Deborah has a spare laptop that came in handy. She skyped with her boyfriend in Germany, who shares her birthday, and I checked the Times headlines and environmental crises online. We even listened to NPR and the Secretary of State controversy. Her mother is my age, sedentary and overweight, and Deborah feels she would never be able to explore the city as we had.
Deborah left me with a map and I made my way to the Art Museum, a two storey palace with a friendly stray in the yard who enjoyed my salmon. Across the street a film crew was shooting screeching cars and fake gunshots. Again all the museum guards were ladies. After my visit I prevailed on a 7 foot sailor/student to point me back to Deborah's street. The apartment was then easy to find, between a Kodak store and an oculist with a large eyeglass cutout hanging over the sidewalk. 

That night we were to meet at the Philharmonia for a concert and I was rushing frantically, map in hand, asking where Pushkin Avenue was and finally found her. We waited for her stylish Ukrainian girlfriend coming from work who had the tickets, and then climbed to a huge hall on the second floor to hear a wonderful quintet. A giant balailaika, an accordion and three other instrumentalists made a wonderful sound from folk music to Debussy. I am normally no fan of accordion music but in this instance it was a great addition to the ensemble. Deborah laughingly informed me one number was a Nirvana hit.

We went the next day to the bus station to get our tickets for the morrow, hers to the villages, mine to Moldova. We passed through a large market and I bought dried kiwi and fresh mozarella. You must fight very hard not to be loaded down with more and more plastic bags. We had a so called business man's lunch and that night splurged on a Georgian restaurant. Since I hadn't even thought of going to Georgia, I should at least taste the food. I had a rich cold creamy walnut soup, spicy salad and tried to smuggle out the leftover cheese pizza unobserved for breakfast.

[Then ]Off to Moldova by bus, with long pauses at the border.


Saturday, November 17, 2012

2012_11_16 Report Kiev

on 16 Nov 2012 Alexa wrote:


Oleksandr (Sasha) of Kiev met me at the station at 7 - his home was far from the center and his job with an Italian building company provided him with a car. We picked up his wife Oksana at her job certifying HVAC plans and drove through miles of Soviet era high rises to the outskirts. We joined their teenaged son Tymofey (the best English speaker) and Oksana's mother Galina (the worst) in her apartment for a dinner of soup, beet salad, carrot salad, pierogi, tea and cookies.   

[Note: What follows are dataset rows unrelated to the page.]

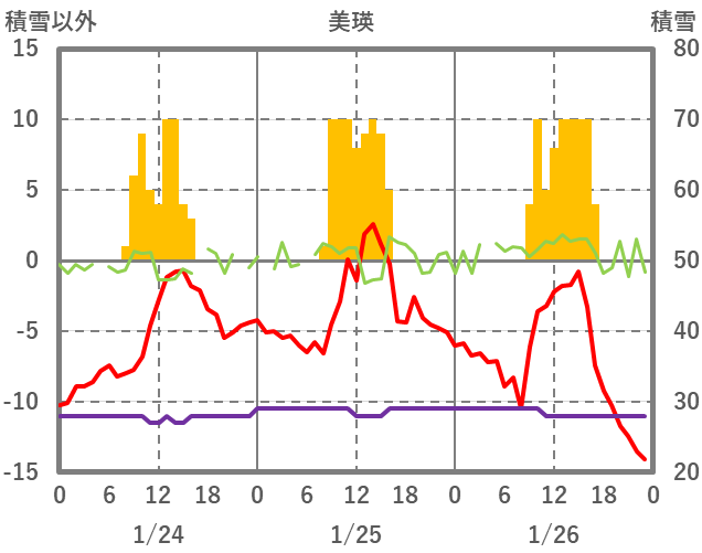 | 日 | 時 | 気温 | 降水 | 風向/風速 | 日照 | 積雪 | 降雪 |
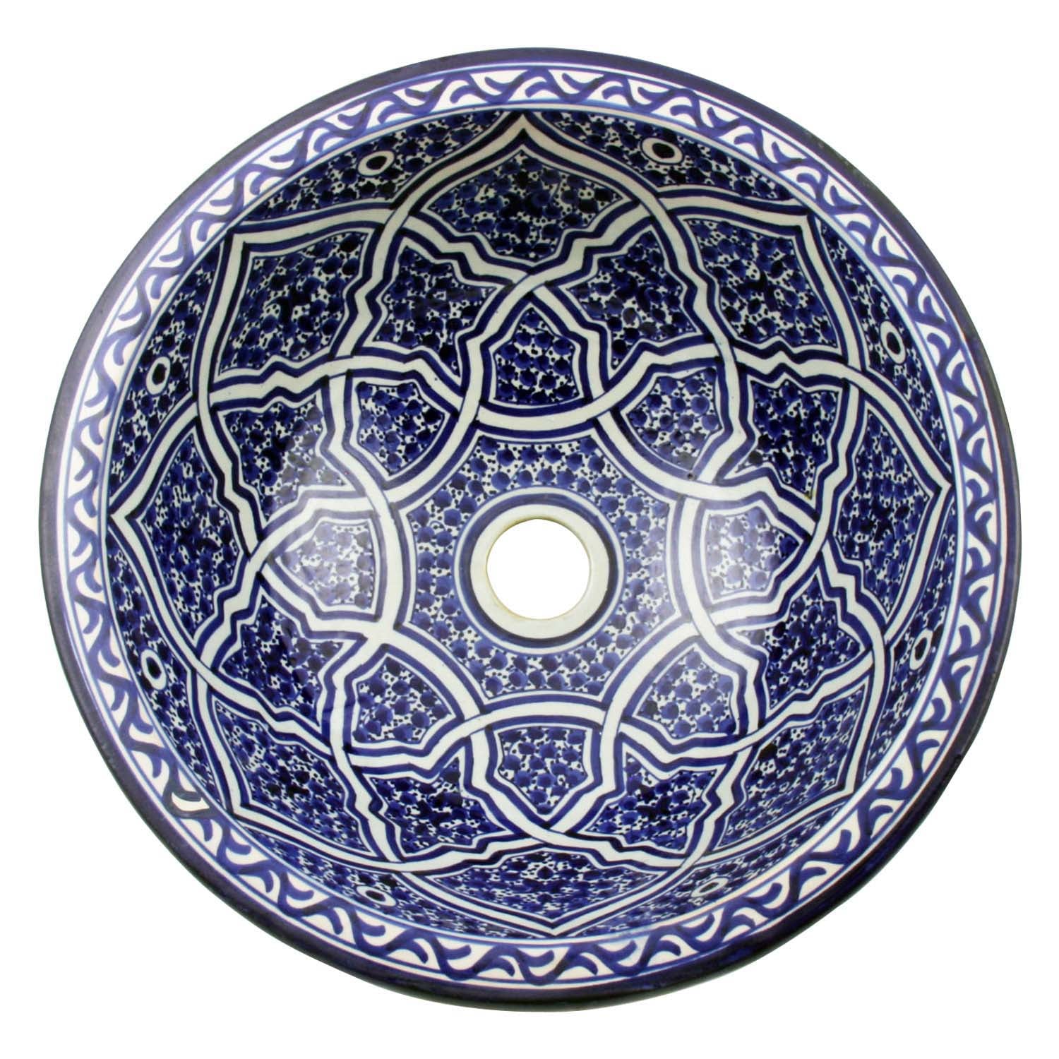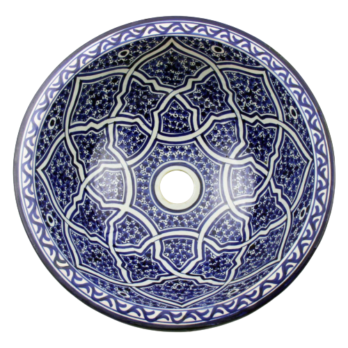 This sink is made in the traditional moroccan technique. Technique from Fez is famous for the richness of design and patterns as well as for the intensity of colours which are so characteristic for Morocco bathed in sunlight.
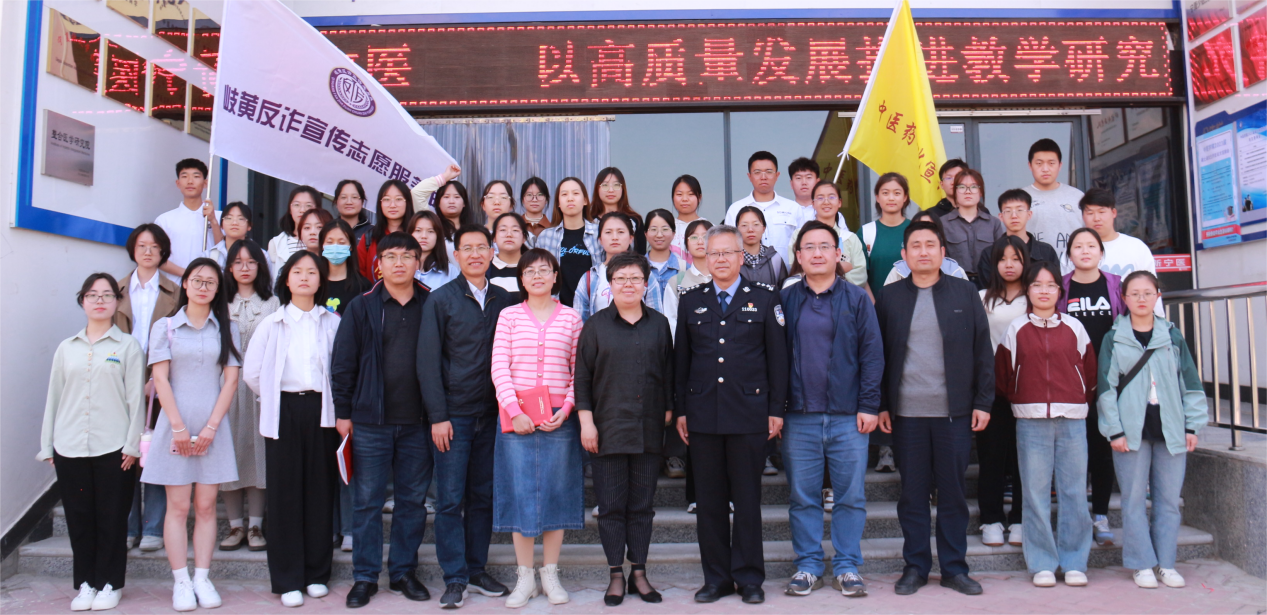 仪式为中医药文化宣讲志愿服务队、岐黄反诈宣传志愿服务队授旗,并聘请学院中医临床基础系段永强教授、胜利街派出所陈全宁警官分别担任两支队伍的指导教师。会上,学院党委书记李颖表示,两支宣传志愿服务队接过旗帜就等于接过了使命与责任,希望志愿者们能“备好课”“讲好课”,以中医药文化宣讲和防诈反诈宣传为己任,在志愿活动中发光发热。

Oksana's mother Galina is from Siberia. Though born in Ukraine, Sasha and Oksana communicate in Russian. He tried speaking Ukrainian at home and his wife said she felt like she had two husbands. The language was suppressed by the Soviets. Over the few days I stayed with Galina we managed to communicate with sign language, expressions and a dictionary. She gave me her bedroom and slept on the kitchen couch with the TV running all night.

Next morning we went to the family's apartment in the next building to meet the Himalayan cat and get on the Internet. Galina played a computer game before we left for downtown Kiev, a long bus ride to the Metro, crossing the Dnieper river. Plastic tokens are a quarter each and the escalators agonizingly long and steep. We emerged at Maiden Nezalezhnosti to big squares, fine statues, tall buildings and wide boulevards.

You don't cross the street, you descend steps to a tunnel under the traffic and climb up again on the other side. There is a second world underground in the warmth near the metro with stalls selling clothes, food, phones, flowers, beers, buns. We looked for a tourist Information booth with free maps. But I was already hungry so we stopped for dumplings underground. Galina doesn't drink coffee or food she doesn't prepare herself but I managed to treat her to vereniki dumplings with sour cream.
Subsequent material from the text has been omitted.